# Living costs chandiagrh



## kirkw (Jul 23, 2011)

Dear all

In wish to move to Chandigarh . I will rent. How much do I Ned weekly to live comftable like local

Thank

Kirk


----------



## lucky_13 (Jul 28, 2011)

*Cost of Livong in Chandigarh*



kirkw said:


> Dear all
> 
> In wish to move to Chandigarh . I will rent. How much do I Ned weekly to live comftable like local
> 
> ...



Hi,

Cost of Living in Chandigarh depends upon your lifestyle and what you want. After living in Chandigarh in Rented accommodation for last 4 years, i can give few examples 

1.) If you are single and can share accommodation you can live INR 5000-8000 per month with all basic neccesaties TV, AC.

2.) In main sectors of Chandigarh rent is very High for 2 bedreoom on first floor varies b/w 12000-15000.

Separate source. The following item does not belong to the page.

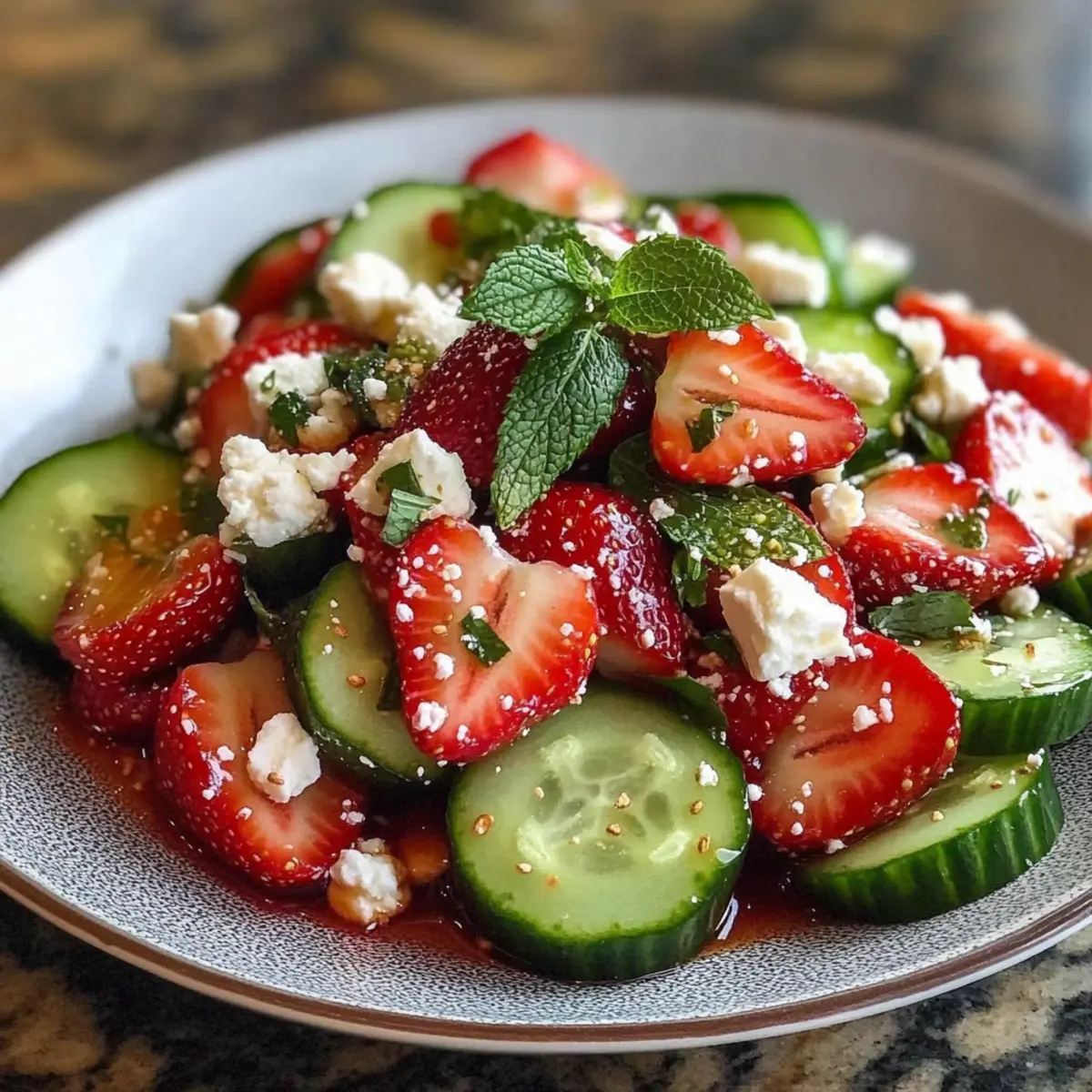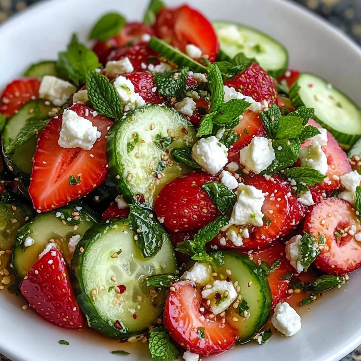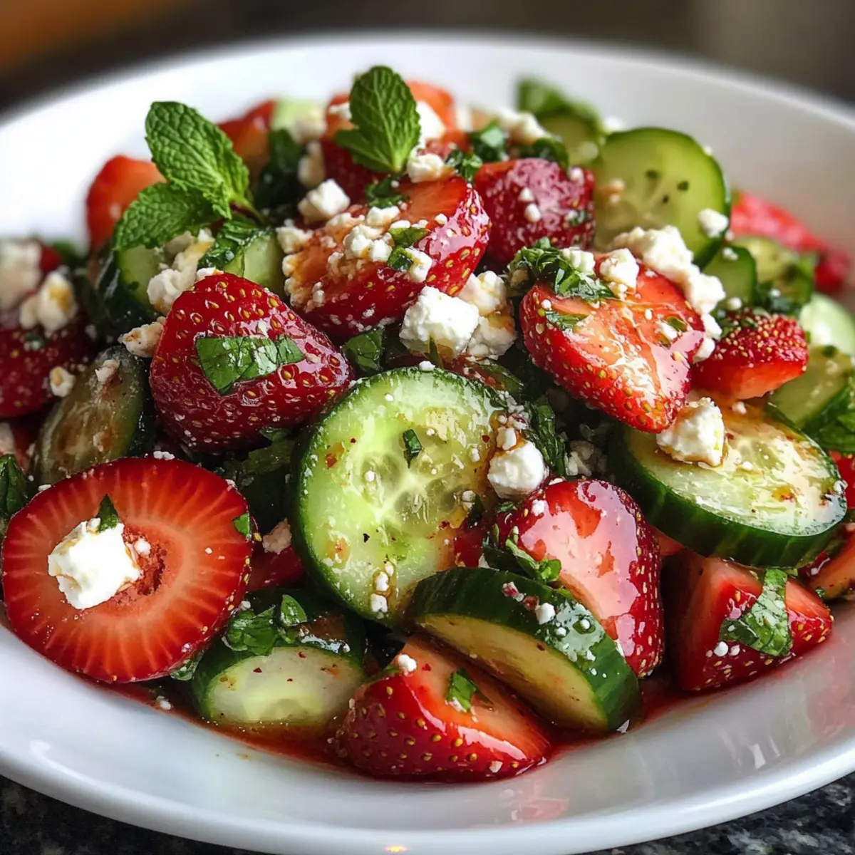Frische Zutaten: Der Gurken Erdbeer Salat bietet eine harmonische Mischung aus knackigen Gurken und süßen Erdbeeren, die auf jeder Teller schön aussieht und schmeckt.

3.) If you need Independent apartment in socities like sectors of 48,49,50,51 you can get around 15000-18000 very good condition.

Let me know if you need more information, 

Wlcm to chandigarh


----------



## kirkw (Jul 23, 2011)

Thanks is that monthly cost and western style new building with aicon etc

Cheers


----------



## gurkirat1425 (Sep 12, 2011)

chandigarh is d best place to live, even when compared to places like canada n australia... i cn probably say dis, cuz i hv spent a quality time at d trio...


----------



## baltej (Sep 18, 2011)

As the living costs are very low in INDIA, most of the costs are quoted in monthly rates. I t is really economic to have quality studies in CHANDIGARH.
Cheers


----------